On February 18, the research group of Prof. Xu Ke and Prof. Lan Ke from the State Key Laboratory of Virology published a paper entitled Coinfection with Influenza A Virus Enhances SARS-CoV-2 Infectivity in Cell Research The paper reported for the first time that the influenza A virus (IAV) can significantly enhance SARS-CoV-2 virus infectivity and, by constructing a mouse model of influenza A virus and neocoronavirus co-infection,  they found that co-infection with IAV and SARS-CoV-2 in mice results in more severe disease. The research team also conducted further studies on the molecular mechanism of IVA promoting the infection and pathogenicity of SARS-CoV-2. The results show that co-infection of the two viruses adds fuel to the fire (Fig. 1), which enhances the infectivity of SARS-CoV-2, and consequently causes more serious diseases. The research provides a scientific basis for further attention and prevention of co-infection with both viruses.

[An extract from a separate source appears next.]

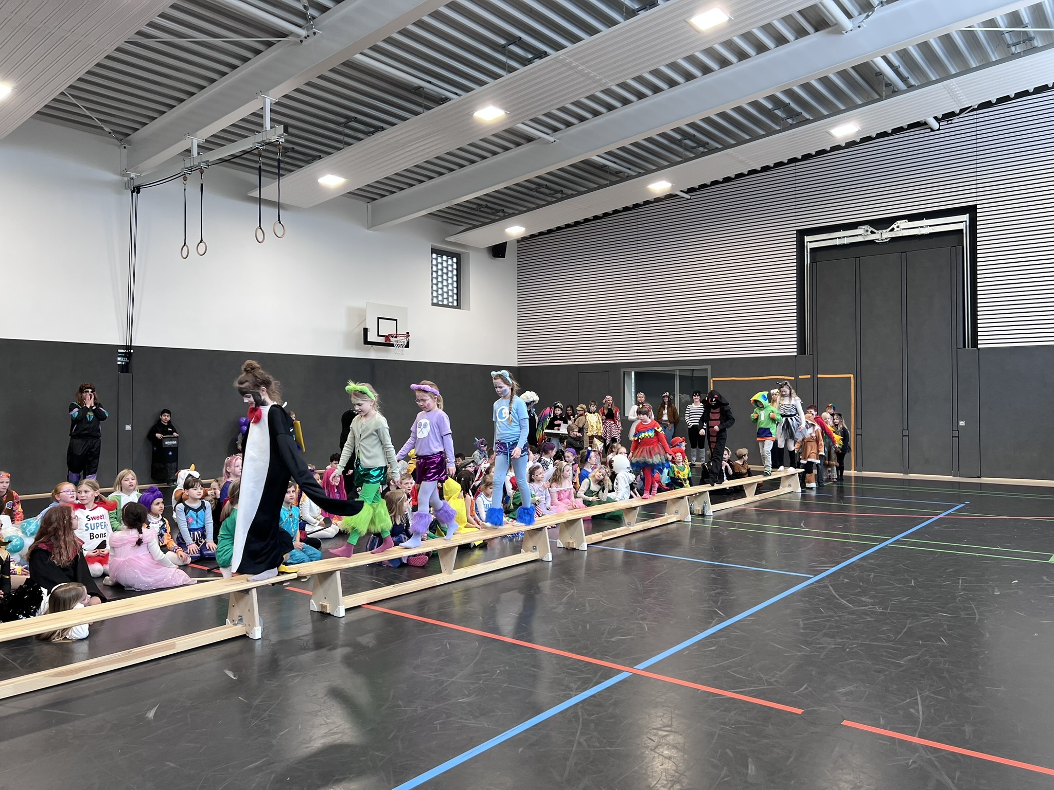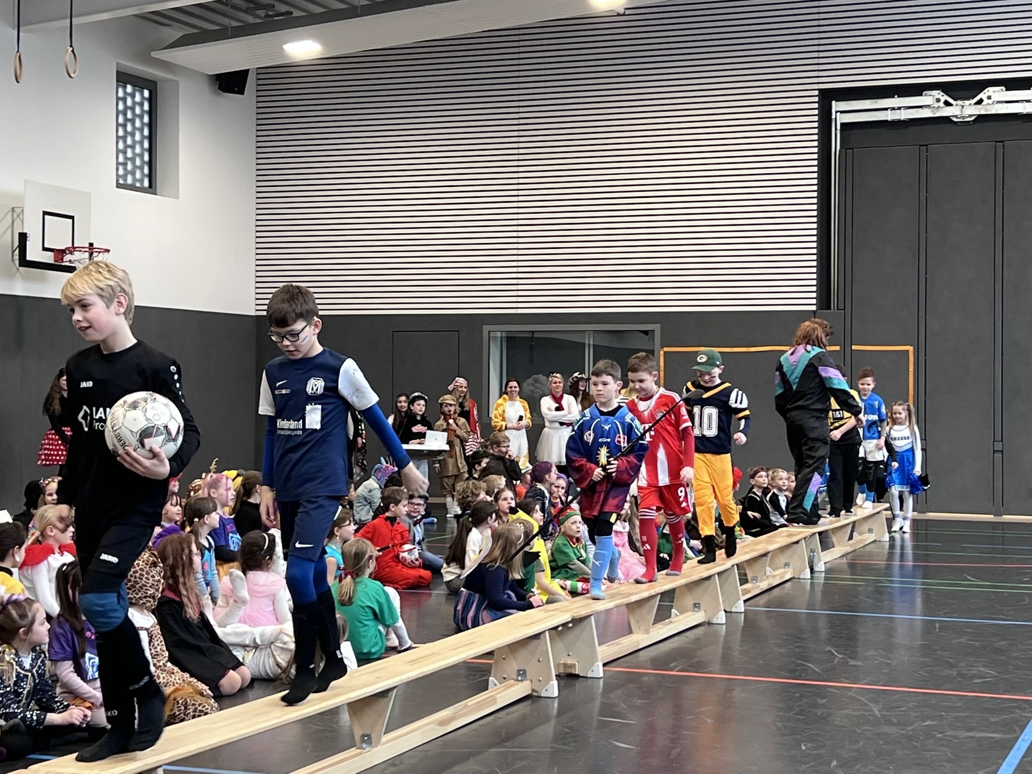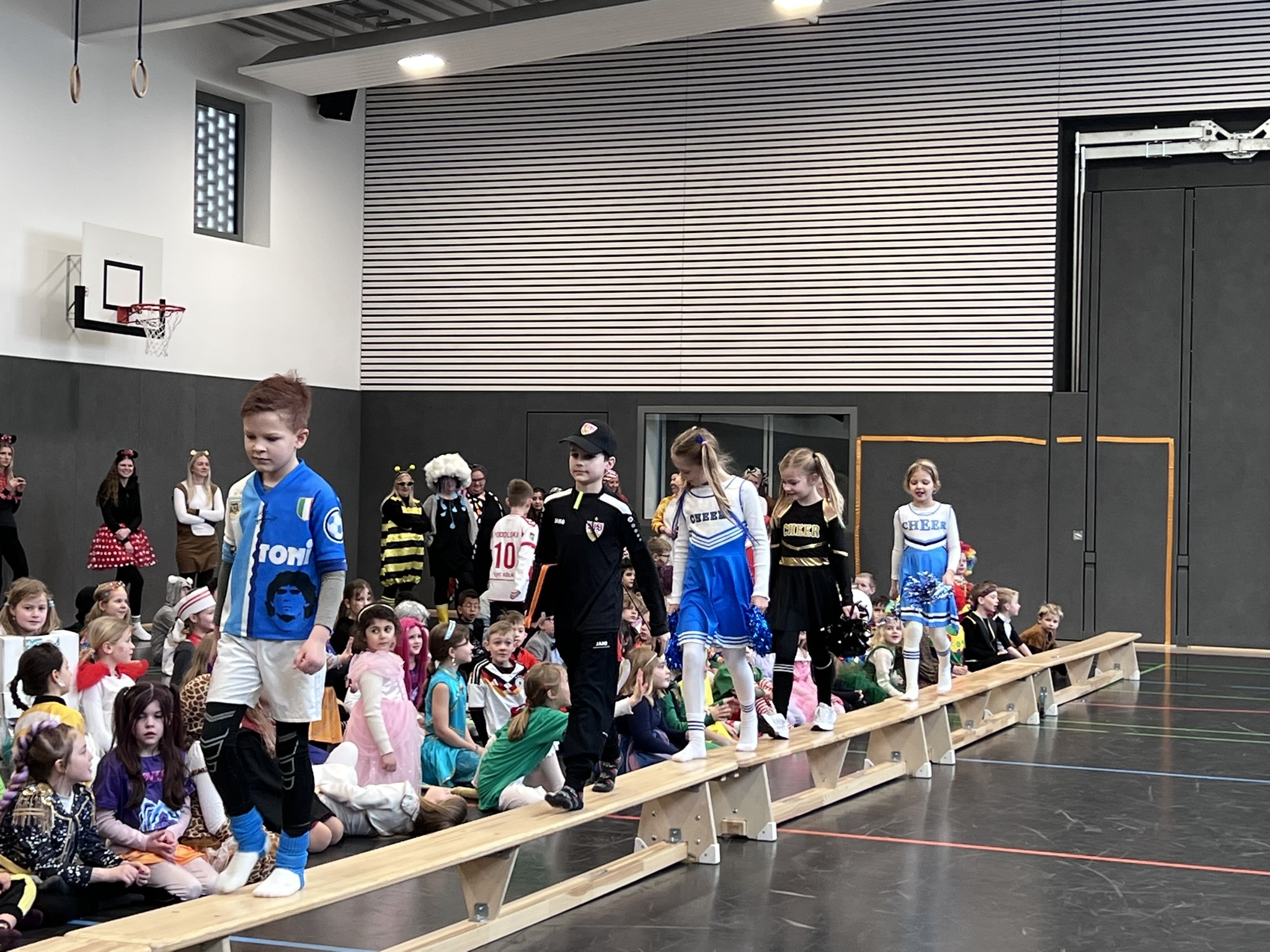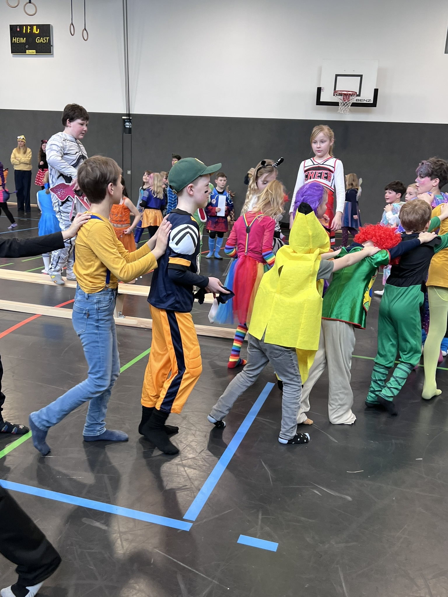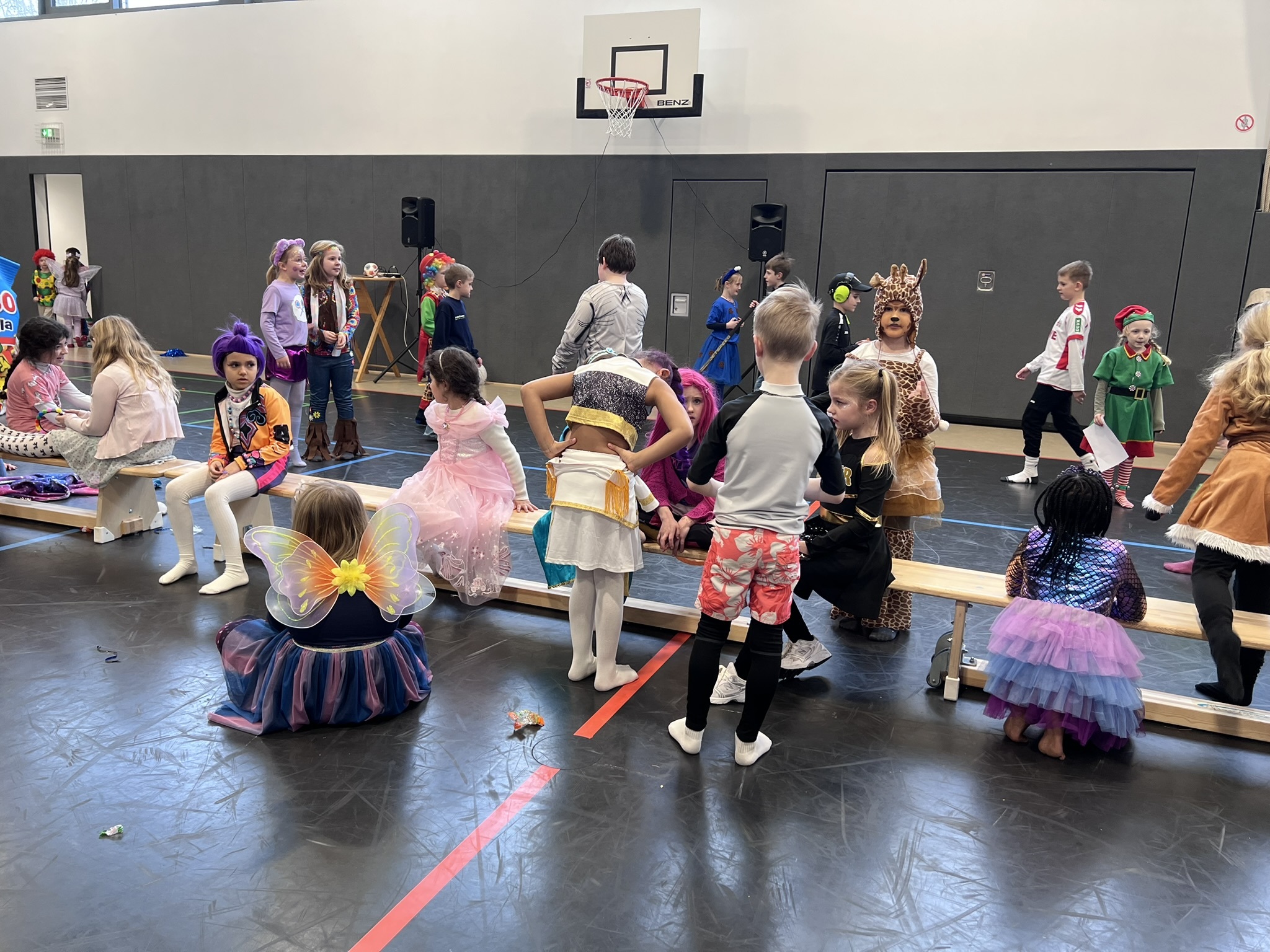 Nach dem Feiern in den Klassen ging es schließlich für alle Kinder gemeinsam in die Turnhalle. Dort wurde ausgelassen weitergefeiert, getanzt und gelacht. Zum krönenden Abschluss fand die große Kostümprämierung der gesamten Schule statt, bei der die besten Kostüme ausgewählt und besonders geehrt wurden.

In the study, the research team first co-infected IAV (H1N1, H3N2, and influenza B) with pseudo-SARS-CoV-2 and live SARS-CoV-2 respectively. It was found that pre-infection with the influenza virus would significantly promote the invasion and replication of SARS-CoV-2, a phenomenon present in a variety of human respiratory tract cells and human lung tissue cells. As a result, the cells that were not infected with SARS-CoV-2 can be changed into completely susceptible ones, which indicates that co-infection of the two viruses may cause more cells and tissues in patients to be attacked by the virus (Fig. 2). In SARS-CoV-2 recipient human ACE2 transgenic mice, co-infection of IAV and SARS-CoV-2 results in more severe lung pathological damage and higher SARS-CoV-2 viral load (Fig. 3).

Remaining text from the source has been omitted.